В последний раз слышала свое имя здесь, над морем, ибо должно было оно
утонуть в море навсегда, навеки.
...И названо было море Черным.
ИБРАГИМ
еркала были как вода. С блеском глубинным и загадочным. Ибрагим любил зеркала и
свое отражение в них. Как в детстве. Тогда он смотрелся в воду. Вода окружала
остров Паргу. Маленький Георгис каждый день бегал на берег — встречал
отца-рыбака с моря. Глядел на воду, видел свое отражение. Небольшого роста,
ладный, востроглазый. Слишком бледнолицый для искони смуглых островитян. Перенял
от них бойкость и подвижность.
А бледность, возможно, зародилась как раз оттого, что он пристально
всматривался в воду. Но это его не очень занимало. Посвистывал себе и напевал,
прыгая то на одной, то на другой ноге. Охотно свистел на свистульках, играл на
самодельных дудочках. У соседских дочек была старенькая цитра — вскоре Георгис
бренчал и на цитре. Отец пропадал в море или заливался вином по самые глаза.

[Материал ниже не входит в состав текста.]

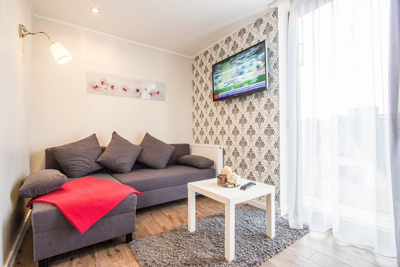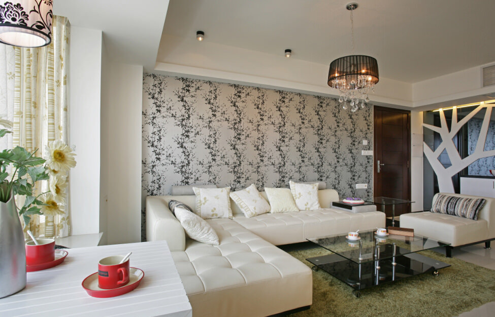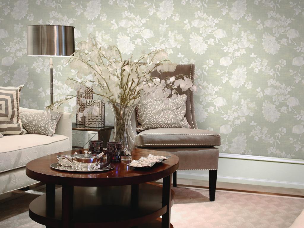 Fabric wallpapers add sophistication and luxury to the living room.
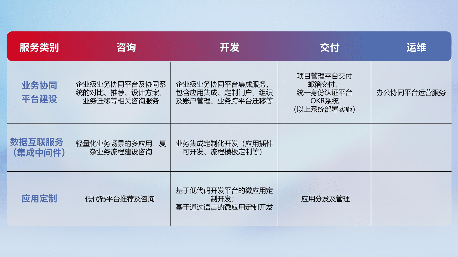 针对钉钉、、、、企微、、、IDaas等平台级产品提供产品的规划、、、方案、、交付、、、、定制化开发等服务,,,,实现如统一协同办公、、智能客户服务、、、混合会议管理、、、智能数据查询、、等业务场景,,,,实现数字化转型。。。。
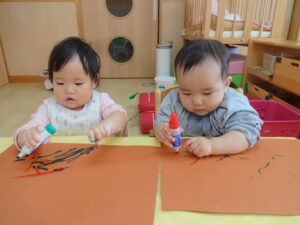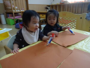 もうすぐやってくるクリスマスに向けて、ツリーの制作をしています。最初に、ツリーの土台で茶色の画用紙にカラーペンでなぐりがきを楽しみました。のびのびと手を左右に動かしたり、点々を描いたりして思い思いに楽しんでいます。
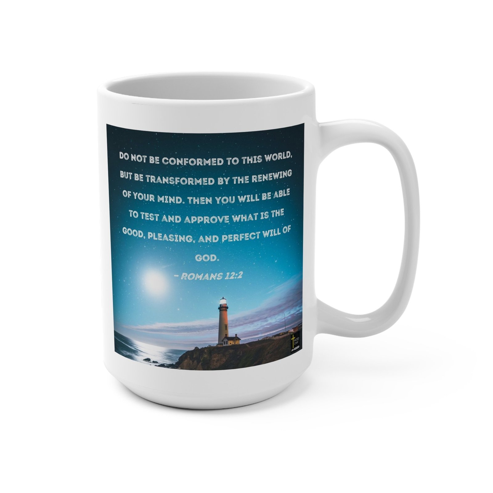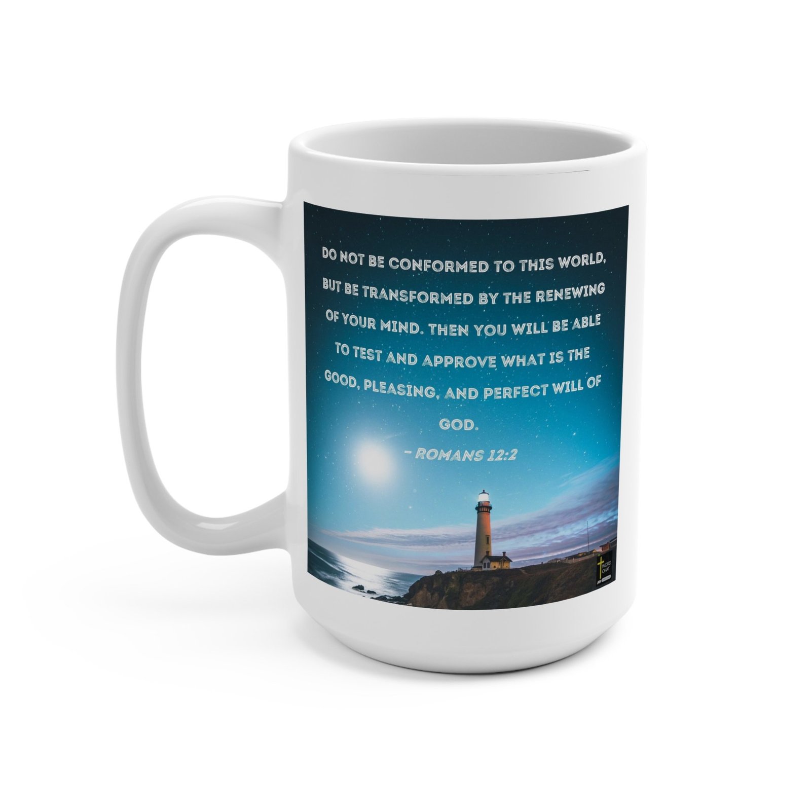 This inspirational image features a biblical quote from Romans 12:2 set against a serene coastal nighttime landscape. A majestic lighthouse stands prominently on a rocky cliff overlooking the ocean, illuminated against a starry sky with a bright moon casting a luminous glow. The text is displayed in large, white capital letters, creating a striking contrast with the deep teal and blue gradient background. The lighthouse symbolizes guidance and hope, complementing the scripture’s message about transformation and seeking God’s will. The image is designed in a motivational poster style, with a WordChat logo in the bottom right corner, creating a visually compelling spiritual message.

Сын? Кроме старшего растут еще два. Вырастут помощники. Способности? Это слово
было ему неведомо. Мать приобрела у торговца, скупавшего губки по всему
побережью, небольшую виолу. Приплывая на Паргу, торговец показывал маленькому
Георгису, как играть ту или иную мелодию. Не для усвоения, а чтобы посмеяться
над рыбацким сыном. Когда же он приплывал через месяц, мальчик уже играл
услышанное лишь однажды. Как будто на острове у него был учитель. Ибрагим ходил
на берег, дожидался отца, играл и играл. Для морских волн, для безмолвных
камней, для высокого неба. Часто засыпал с виолой в руках, спал под палящим
солнцем, на горячих камнях, но лицо его оставалось белым. Жизнь легка и
заманчива! Даже когда приходилось помогать отцу, думал так же, поскольку помогал
лишь относить губки тому странствующему торговцу. Не было тогда видно ни отца,
ни сына. Движутся две округлые кучи губок, а под ними мелькают две пары ног.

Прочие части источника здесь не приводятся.